Flowchart of study population. Numbers in parentheses are the number of patients. GGN, ground-glass nodule; GGO, ground-glass opacity.
Histological evaluation
All resected specimens were formalin fixed and stained with haematoxylin–eosin in accordance with the routine regulations of our hospital. One board-certified pathologist (with 10 years' experience performing pathological diagnosis of lung cancer) reviewed specimens and recorded the pathological subtype of each tumour according to the International Association for the Study of Lung Cancer/American Thoracic Society/European Respiratory Society classification of lung adenocarcinomas.1,2
According to the new adenocarcinoma classification and pathological findings, GGNs were divided into two groups: the pre-invasive lesion group and the IPA group.1,2 Pre-invasive lesions included atypical adenomatous hyperplasia (AAH) and adenocarcinoma in situ (AIS), which were defined as lesions showing no stromal, vascular or pleural invasion.1,2 IPA, which was defined as adenocarcinoma containing an invasive component, included minimally invasive adenocarcinoma and invasive adenocarcinoma with several subtypes such as lepidic predominant, acinar predominant or papillary predominant adenocarcinoma.1,2 In our study, all histological subtypes were included in our study. No histological subtypes were excluded from the study.
CT imaging
Chest CT scans were performed using SOMATOM® Definition-64 or SOMATOM Emotion-16 (Siemens Healthcare, Erlangen, Germany). CT scans were obtained in all patients in the supine position at full inspiration. CT parameters were as follows: tube voltage, 120 kVp; tube current, 100–300 mA; beam pitch, 0.875–1.500; detector collimation, 1.0–2.5 mm; rotation time, 0.5–1.0 s and a reconstruction kernel with a high-frequency algorithm. Reconstruction thicknesses and intervals were 1.5 and 1.5 mm. All images were reviewed with the standard lung window (window width, 1200 HU; window level, −600 HU) and mediastinal window (window width, 400 HU; window level, 50 HU).
Imaging assessment
GGNs are defined as hazily increased attenuation in the lung with preservation of intact bronchial and vascular structures.14–16 In our study, GGNs were divided into the mixed GGNs (m-GGNs) group and pure GGNs (p-GGNs) group according to whether an internal solid component existed or not.10,14
The CT features that were analysed for each GGN included: (1) volume of GGNs (VGGN), (2) volume of solid portion (VSolid), (3) solid proportion (VSolid/VGGN), (4) margin (spiculation, non-spiculation), (5) border (lobulation, non-lobulation), (6) the presence of bubble lucency, (7) the presence of pleural retraction, (8) the presence of air bronchogram, (9) amount of blood vessels through the GGNs. All CT findings were evaluated based on high-resolution CT (HRCT) images.
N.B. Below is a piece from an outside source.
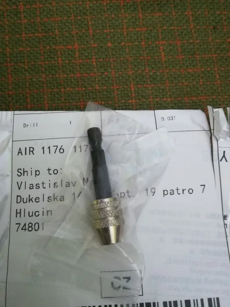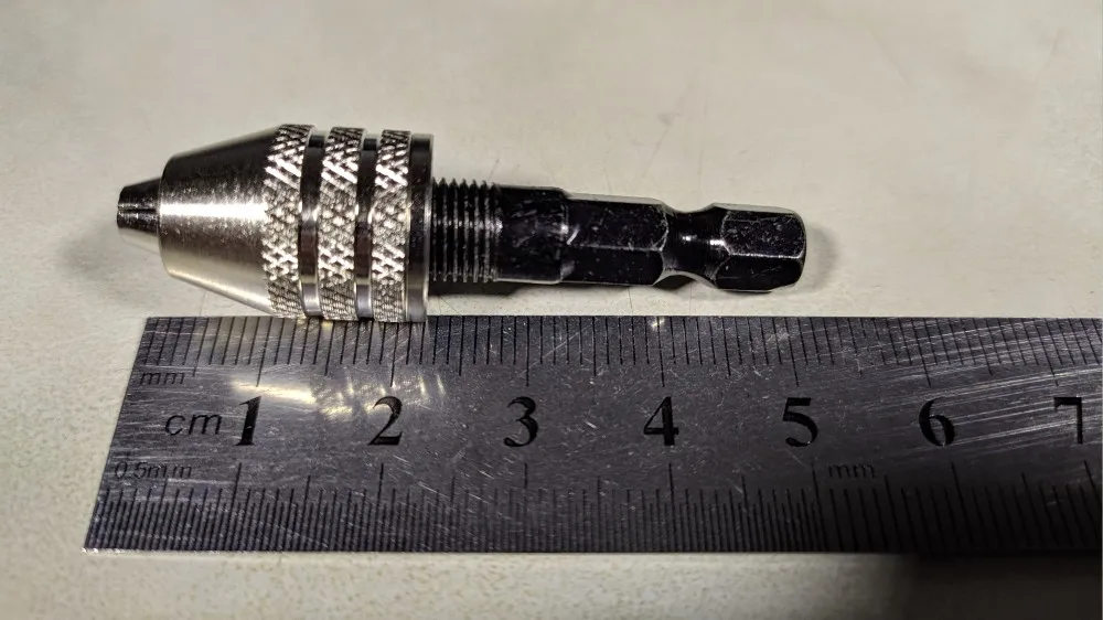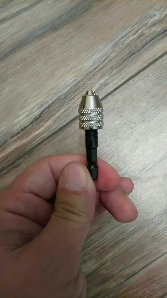 Быстрая доставка в Москву (3 недели). Сделано качественно, металл, губки патрона сходятся очень плотно. Зажим губок патрона осуществляется штифтом при его вкручивании в патрон (они снизу давит на губки и они поднимаются вверх). Поэтому при правом сверлении (вращение штифта и патрона по часовой стрелке) проблем нет, всё только сильнее зажимается. При левом вращении (против часовой стрелки) штифт может выкрутиться из патрона, губки разойдутся и сверло выпадет из зажима). Это не является недостатком, просто особенность конструкции. Поэтому не помешает контргайка под патрон. Товар и продавца рекомендую.

The volume of GGNs was measured in Siemens' volume measurement software using interactive model. In the interactive model, we set the thickness as 1.5 mm; the upper limit of assessment as 1000 HU; and the lower limit of assessment as −1000 HU. The lesions in the same section were delineated by two authors with consensus by using an operator-defined region of interest (ROI) on each HRCT axial image. The volume was obtained by multiplying the lesions areas by the thicknesses and interval. The volume measurement of the solid portion was similar to the volume measurement of GGNs.
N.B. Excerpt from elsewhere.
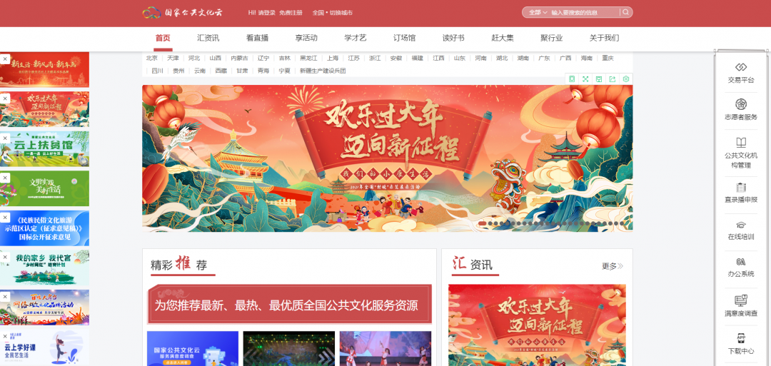 国家公共文化云平台由全国公共文化发展中心组织建设,以移动互联网为主要渠道,坚持用户导向,突出全民艺术普及服务功能,构建以看直播、享活动、学才艺、订场馆、读好书、赶大集六大功能为核心的全民艺术普及云服务体系,打造群众文化活动的大集成、大展台。

Blood vessel analysis was performed in terms of the amount of blood vessels through the GGNs. The amount of blood vessels was divided into zero, 1, 2, 3 and ≥4. “0” meant no vessel passed through GGNs (Figure 2). “1” meant one blood vessel passed through GGNs and so on (Figures 3–5). “≥4” meant that four blood vessels or more passed through GGNs (Figure 6). The amount of blood vessels was analysed based on axial images, multiplanar reformation images, maximum-intensity projection images and volume-rendering technique images.
Figure 2.
(a) CT image of pure ground-glass nodules (GGNs) in the right upper lobe of a 33-year-old male. (b, c) Maximum-intensity projection image and volume-rendering technique image show that no vessel passed through the GGNs. (d) Pathological results after wedge resection confirmed the diagnosis of adenocarcinoma in situ.
Figure 3.
(a) CT image of pure ground-glass nodules (GGNs) in the right middle lobe of a 58-year-old male. (b, c) Maximum-intensity projection and volume-rendering technique images show that one blood vessel passed through the GGNs (arrows). (d) Pathological results after lobectomy confirmed the diagnosis of minimally invasive adenocarcinoma.
Figure 5.
(a) CT image of mixed ground-glass nodules (GGNs) with pleural indentation and lobulation in the right upper lobe of a 65-year-old female. (b, c) Maximum-intensity projection and volume-rendering technique images show that three blood vessels passed through the GGNs (arrows). (d) Pathological results after lobectomy confirmed the diagnosis of invasive pulmonary adenocarcinoma.
Figure 6.
(a) CT image of mixed ground-glass nodules (GGNs) with lobulation in the right upper lobe of a 73-year-old male. (b, c) Four blood vessels were found through the GGNs based on maximum-intensity projection and volume-rendering technique images (arrows). (d) Pathological results after lobectomy confirmed the diagnosis of invasive pulmonary adenocarcinoma.
Figure 4.
(a) CT image of mixed ground-glass nodules (GGNs) with pleural indentation and lobulation in the right upper lobe of a 71-year-old male. (b, c) Two blood vessels were found through the GGNs based on the maximum-intensity projection and volume-rendering technique images (arrows). (d) Pathological results after lobectomy confirmed the diagnosis of invasive pulmonary adenocarcinoma.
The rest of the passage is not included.